MIG-17 at Lackland AFB Airfest 2010









































































More Airfest 2010: http://www.flickr.com/photos/smopho/sets/72157625214402747/


----------



## stargazer (May 24, 2004)

Bill, those are over the top...Good job!!


----------



## sandybottom (Jun 1, 2005)

Wow! What a super show!!! Thanks for sharing your wonderful day.


----------



## MichaelW (Jun 16, 2010)

For a 50 yr. old ( approx. ) jet I was quite impressed with the Mig. The pilot put on a good show. I have a couple of photos I was planning on posting but will skip the Mig.
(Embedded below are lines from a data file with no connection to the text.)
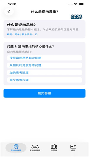 应用的核心是“思维训练馆”,它提供了一套完整的阶梯式训练体系。该体系由基础启蒙营、场景进阶馆和高阶实战营三大模块构成,难度与复杂度逐级提升。每个训练关卡都紧密围绕职场、学习、生活、商业等具体应用场景设计,并在其中深度融入多种逆向思维方法的讲解与演练,包括但不限于反证法、换位思考法、因果倒置法、逆向推理及假设反转等。通过循序渐进的引导式练习,用户能够逐步建立起对逆向思维认知的系统性理解,并掌握在不同情境下调用相应思维工具的能力。
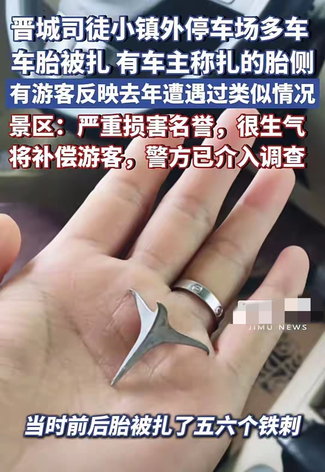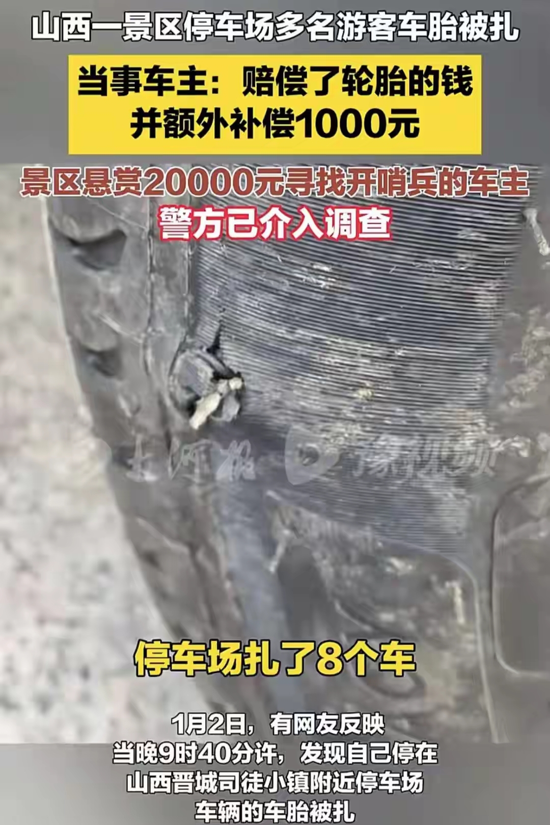 2026年1月2日晚上,有网友发视频,自己元旦假期来到司徒小镇游玩,结果回家时发现停车场上停的好的汽车被扎坏了,看伤口不像是扎了钉子,而是被人为故意扎伤的,想补胎都不行,只能是换轮胎。
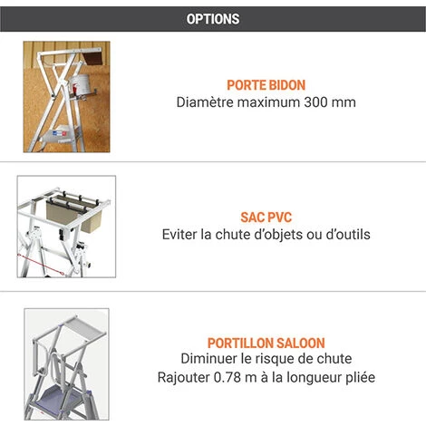 – Plinthes qui empêche de passer le pied en dehors de la plateforme ou la chute d’outil.
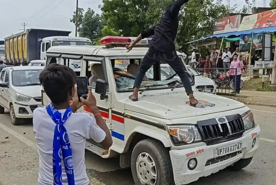 ಚಂದ್ರಶೇಖರ್ ಆಜಾದ್ ಬೆಂಬಲಿಗರು ಪೊಲೀಸ್ ವಾಹನವನ್ನು ಧ್ವಂಸಗೊಳಿಸುತ್ತಿರುವ ದೃಶ್ಯ

Yours is much better . Good shots.


----------



## boom! (Jul 10, 2004)

There was a guy out there that would give you a ride in his 2 seater mig for 450 bucks.


----------



## MT Stringer (May 21, 2004)

boomgoon said:


> There was a guy out there that would give you a ride in his 2 seater mig for 450 bucks.


Just my luck he would be the guy that likes to fly upside down!


----------



## goodwood (Mar 30, 2009)

great shots


----------



## chubri777 (Aug 11, 2005)

Very nice. Too bad they didn't chase it around with an F-86....woulda made some nice pics.


----------